Filming Starts on Live Action Adaptation of Tezuka's MW

CinemaToday.jp reports that Hitoshi Iwamoto will be directing a live action adaptation of Osamu Tezuka's confrontational thriller MW, based on a script by Death Notes Tetsuya Oishi and Haruo Kimura. Hiroshi Tamaki and Takayuki Yamada will star in the film scheduled to be released in Japan in 2009. MW is Tezuka's Third Man, spawned by the literal fallout of Vietnam. In this caper/chase, Hiroshi Tamaki will star as Yuki, an amoral master of disguise and seduction/Tom Ripley character, who begins the story with a chain of kidnapping, extortion, and quickly child-murder. Opposite him, Yamada will play tormented priest Father Garai. In the 60's Yuki's confessor Father Garai was part of a radical association known as The Crows. On the island of Kagoshima, near Okinawa, the Crows found a man and a boy on a yacht. Garai took the boy to the gang's hideout in a nearby cave, and while he was raping the young Yuki, an accident happened. "Nation X" had been housing the chemical weapon known as "Mw" nearby, and overnight, a leak killed everyone on the island except Garai and Yuki. As Garai explains to his bishop, since then, Yuki has been stripped of any moral limitation and Garai himself has been unable to resist Yuki's psychical allure.
The original manga was released in North America by Vertical. A preview of their release can be read here AICN's review of the manga can be read here

American Death Note In the Development

Shock Till You Drop reports that frequent adaptors of Asian cinema Vertigo (The Departed) are working on a Hollywood adaptation of Death Note, produced by Doug Davison and written by Vlas and Charles Parlapanides. Based on a manga by Tsugumi Ohba and Takeshi Obata, previously adapted into anime by Madhouse and live action by Shusuke Kaneko, Death Note follows the battle of wits between teen geniuses Light and L. Bored model student Light stumbles onto a tool for carving an impression into the world when he finds a Shinigami/Death God's notebook, with which he can prescribe the time and circumstances of the death of any named individual. After Light uses the book to kill a host of criminals, L is given the case of tracking down the responsible party, which in turn pushes Light toward desperate tactics.

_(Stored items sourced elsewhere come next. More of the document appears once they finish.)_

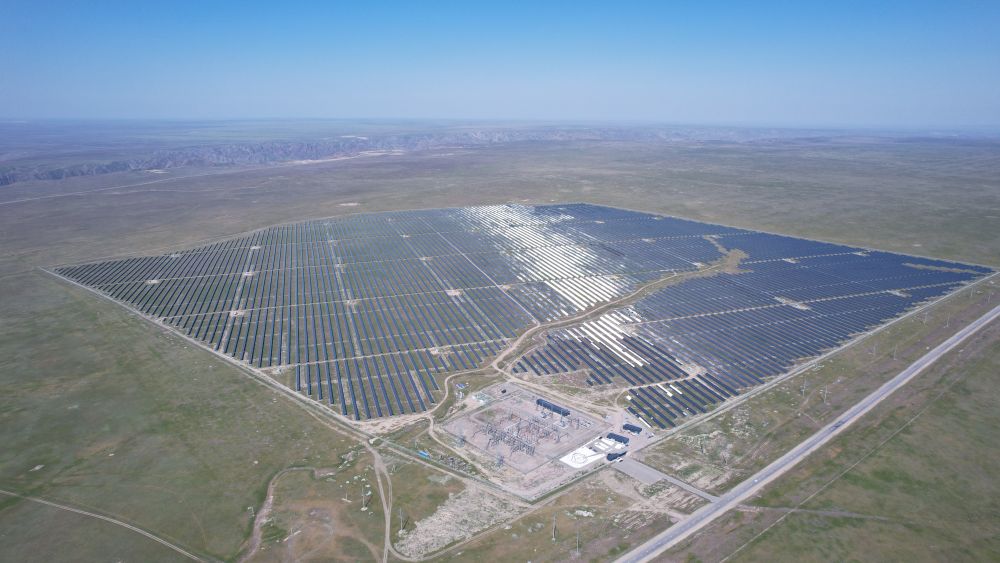 这是5月4日拍摄的哈萨克斯坦阿拉木图州卡普恰盖100兆瓦光伏电站(无人机照片)。这里的太阳能光伏板通过中欧班列运输至此。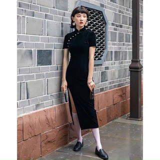 Sườn Xám Vải Nhung Đen Trơn Dáng Dài 40-70Kg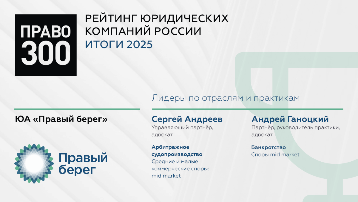 Полученное признание подтверждает устойчивые позиции ЮА «Правый берег» в сфере арбитражных процессов, коммерческих споров и банкротства. Благодарим клиентов и партнёров за доверие и совместные результаты.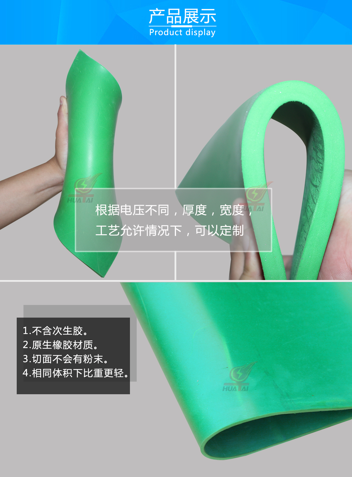 我公司的絕緣膠墊是采用性能優良的非極性純橡膠制作,不含次膠、廢膠、再生膠和任塑料成份。膠墊表面電阻和體積電阻穩定,單位面積比重大、平展性能好,物理性能穩定。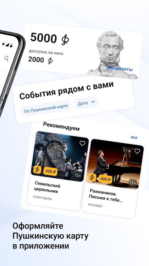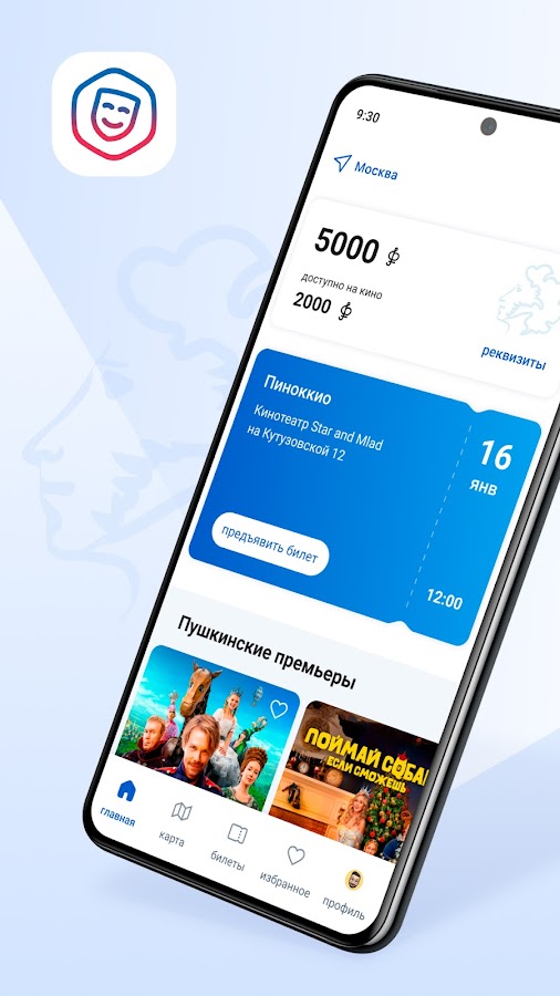 Выпустите бесплатно «Пушкинскую карту» с балансом 5000 ₽ и посещайте кино, музеи, театры и концертные залы за счёт государства. Карта действует для молодых людей от 14 до 22 лет

Looking Forward To Tokyo Zombie

Same Hat! Same Hat! has begun showing off the goods for Jiu-Jitsu versus zombies manga Tokyo Zombie. Pre-order it from Previews at your local comic shop this month.

Ponyo Voice Cast Announced

According to Ghibli World the voice cast for Hayao Miyazaki's Ponyo on a Cliff by the Sea is comprised of nteresting names: Sosuke - Doi Hiroki Ponyo - Nara Yuria Sosuke's mother Lisa - Yamaguchi Tomoko Sosuke's father Koichi - Nagashima Kazushige Ponyo's mother Gran Manmare - Amami Yuki Ponyo's father Fujimoto - Tokoro Joji Toki - Kazuko Yoshiyuki Yoshie -Naraoka Tomoko Nausicaa.net notes that Ghibli's Toshio Suzuki's called attention to North American desire for Ponyo screenings during a Japanese podcast.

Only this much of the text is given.